I guess in short just want to confirm the quickstart still works with the AMI images and scripts specified.
We tried with various options in 2019 and cannot get a working stack - after a few hours things time out and roll back initiates.
Any advice on best places to help track down what is happening would be much appreciated.
Tried with 2017 and that did not work either.
Got timeout errors again in Systems Manager Automation scripts -

https://aws-quickstart.s3.amazonaws.com/quickstart-microsoft-sql/templates/sql-main.template.yaml
I did reach out to the Advanced AWS Partner Datavail that is listed on the AWS Quick Start both via email and phone with no follow-up and zero assistance or resolution of any issues. Using only the basic template defaults for SQL Server with Always On Replication in AWS even with bigger EC2 instances using SQL 2017 or 2019 there is usually some sort of error and won't complete.
The best I was able to accomplish with the AWS SQL AG template was on the second page before initial creation on the Configure stack options under Stack creation options expand that and check Disabled under Rollback on failure. This will at least allow you to manually pick up where the AWS SQL Availability Group template automation failed. It doesn't fix any of the provided AWS Quick Start issues with the SQL template or underlying scripts but it gets you to a state that has most of the AWS networking and windows OS part completed.
Good luck
The error listed above is a PowerShell Error indicating networking issues.

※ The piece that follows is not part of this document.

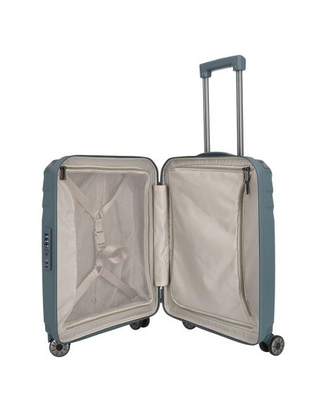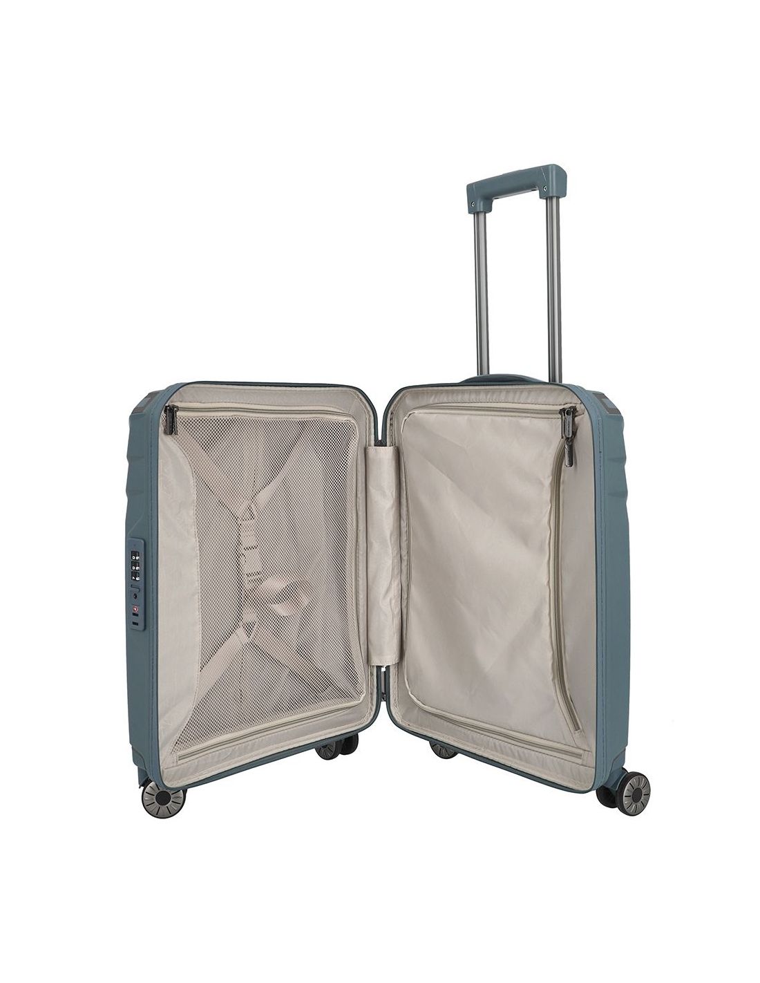 De Travelite Elvaa handbagagekoffer Blauw Grijs met een hoogte van 55 cm vertegenwoordigt een uiterst robuuste en lichtgewicht reeks koffers. Vervaardigd uit duurzaam polypropyleen draagt de Travelite Elvaa koffer niet alleen bij aan stevigheid maar ook aan een opmerkelijk lichtgewicht ontwerp. Het ontwerp omvat twee royale hoofdcompartimenten met inpakriemen die moeiteloos met een rits kunnen worden afgesloten, waardoor je bagage ordelijk blijft tijdens het reizen.
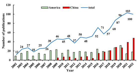 Annual publication volume is a critical indicator of a particular research field’s developmental trends, based on the level of research activity and interest in a specific area [12]. Figure 2 illustrates the annual publication volumes for studies relating to SDI and the associated countries. Overall, the number of publications steadily increased over time. However, a slight decrease in the number of publications was observed in 2005, 2012, and 2017. The highest number of publications occurred in 2021, suggesting that the issue of agricultural water shortages is gaining increasing attention, and research on SDI is expanding.

Did you deploy into an existing VPC or did you have a new VPC deployed? Which Active Directory Options did you choose? Currently Looking into this error, and will provide updates and potential resolution. However, the issue seems to be due to privileges according to this Microsoft KB article.
Experiencing the same error message when I try to deploy using the SQL quickstart. I'm deploying into an existing vpc, using a third AZ for the witness, to a self-managed AD that was deployed using the AD quickstart.
Can you try testing the code in the Develop Branch? Currently working to get approvals to merged into main, but would appreciate feedback is it helps resolved the issues.
Got it. Testing now.
That was the first error I encountered when using the develop branch.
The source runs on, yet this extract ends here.